What is required: Each line below from the one containing "付属のハンガーは3カ所に取付" through the one containing "化粧鏡ハンドルミラーポータブ" should be output exactly as it stands, and no other line should appear.

Data:
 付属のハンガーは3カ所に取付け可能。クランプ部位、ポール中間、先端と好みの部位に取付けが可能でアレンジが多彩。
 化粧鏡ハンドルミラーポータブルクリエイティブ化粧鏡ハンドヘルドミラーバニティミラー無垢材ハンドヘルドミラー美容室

...

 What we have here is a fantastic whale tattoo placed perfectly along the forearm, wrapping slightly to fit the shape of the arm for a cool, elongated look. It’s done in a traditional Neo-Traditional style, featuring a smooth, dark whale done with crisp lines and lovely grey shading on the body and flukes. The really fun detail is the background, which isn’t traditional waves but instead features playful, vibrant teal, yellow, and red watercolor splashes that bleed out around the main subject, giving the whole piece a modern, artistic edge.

Written solution:
 付属のハンガーは3カ所に取付け可能。クランプ部位、ポール中間、先端と好みの部位に取付けが可能でアレンジが多彩。
 化粧鏡ハンドルミラーポータブルクリエイティブ化粧鏡ハンドヘルドミラーバニティミラー無垢材ハンドヘルドミラー美容室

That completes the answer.